2.6. Immunofluorescence Assay
The immunofluorescence (IF) staining protocol was previously completed in [42]. In brief, microexplant samples were fixed in 4.0% formaldehyde in 1X PBS overnight at 4 °C, washed twice, and incubated in PBS for 1 h at room temperature. The samples were then permeabilized in 0.5% Triton X-100 (Sigma-Aldrich, St. Louis, MO, USA, X100-100ML) for 2 h, washed twice, and blocked with 3% bovine serum albumin in PBS for 3 h at room temperature. After blocking, samples were washed 3 times with PBS and then incubated overnight with conjugated antibodies at 4 °C. The antibodies used in this study included E-cadherin (BD Biosciences, San Jose, CA, USA, 560062) and Invitrogen™ Alexa Fluor™ 568 Phalloidin (Invitrogen, Waltham, MA, USA, A12380). After overnight incubation with the antibodies, the samples were washed 3 times with PBS and counterstained with Hoechst 33342 (Invitrogen, Waltham, MA, USA, H3570) for 15 min before imaging. For viability staining, a live/dead kit (Thermo Fisher, Waltham, MA, USA, R37601) consisting of Calcein AM and BOBO-3 iodide was used following the manufacturer’s protocol. All colorectal microtissues were then imaged using a Nikon A1R HD25 confocal microscope equipped with a high-definition Galvano scanner.

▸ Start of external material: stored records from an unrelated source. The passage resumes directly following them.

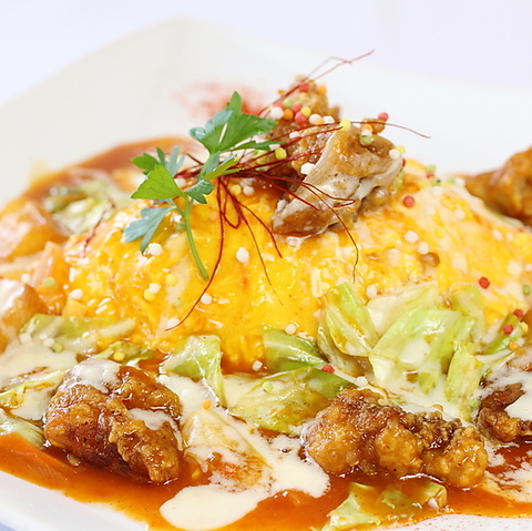 3種類の卵の形からお好みのスタイルを選べます。定番の「薄焼き卵で包むノーマルタイプ」、とろりとした食感の「フワフワトロトロのオープンタイプ」、そしてご飯の上にオムレツがのった話題の「ぱっかーんオムライス」。その日の気分に合わせて、50種以上のソースと組み合わせた自分だけの一皿をお楽しみください。
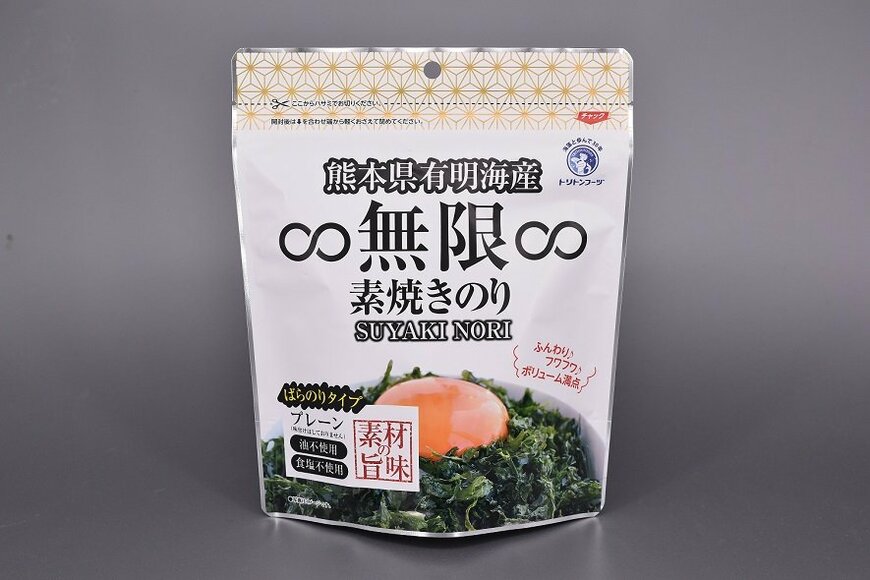 今回は、毎日の食卓に手軽に風味をプラスできる、トリトンフーヅ「∞無限∞素焼きのり」(プレーン)/「∞無限∞やみつきのり」(うま塩味)2種セットを抽選で3名様にプレゼントします。
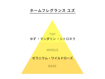 ・ゆず…甘さのなかにほのかな苦みがあるゆずの香りは、日本人には古くからなじみのあるもの。明るさやあたたかさが感じられます。高知県産のゆず精油を使用しています。
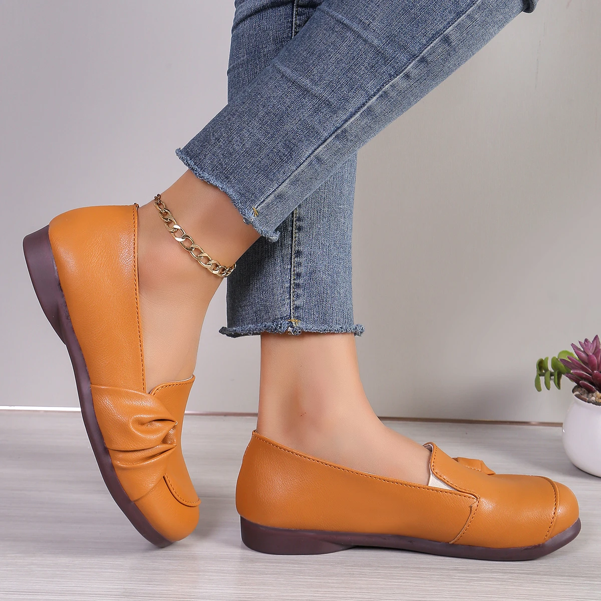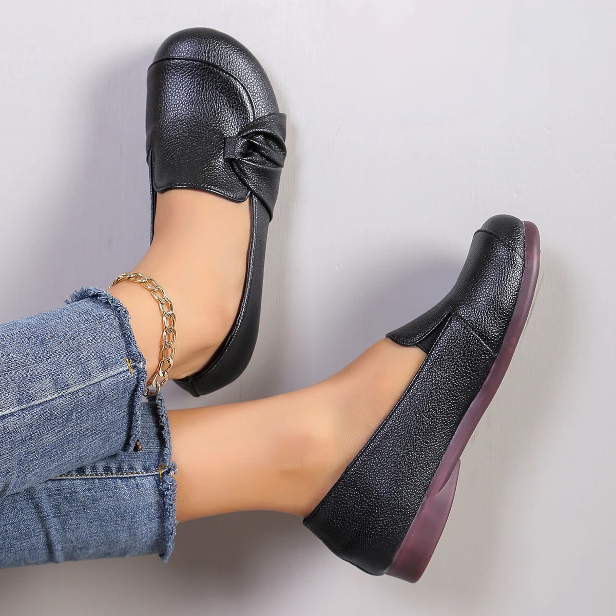 New Summer Women Flat Shoes Comfort Non-slip Soft Oxford Solid Color Mom's Shoes New Fashion Leather Flat Footwear

2.7. Semi-Quantification Analysis of Mouse Colon Microexplant Viability
Estimation of percent viability from IF images of microexplants (n = 3 for each culture condition) was manually performed using ImageJ. Particle count analysis from 2 channels, including TRITC (dead nuclei) and DAPI (all nuclei) was performed by thresholding. The ratio of dead nuclei to total cell nuclei was used to estimate the percent viability of all samples.
2.8. Flow Cytometry
Before perfusion culture, AC16 cells were labeled with CFSE to enable their separation from LLS during flow cytometry (CFSE Cell Division Tracker Kit, 423801; BioLegend, San Diego, CA, USA). The mixture of LLS and cells was suspended in PBS and then resuspended in flow cytometry buffer (15 mL PBS with 2% FBS and 1 mM EDTA). The suspension was filtered through a 100 μm Nitex nylon mesh (Genesee Scientific, San Diego, CA, USA, 57-103), washed in flow cytometry buffer, and then filtered again through a 40 μm cell strainer (Corning, Inc., Corning, NY, USA, 352340) into a 50 mL centrifuge tube to further remove LLS particles. The filtered LLS–cell suspension was centrifuged at 400× g for 5 min at room temperature, transferred to round-bottom 5 mL flow tubes, and then washed with DPBS for viability staining.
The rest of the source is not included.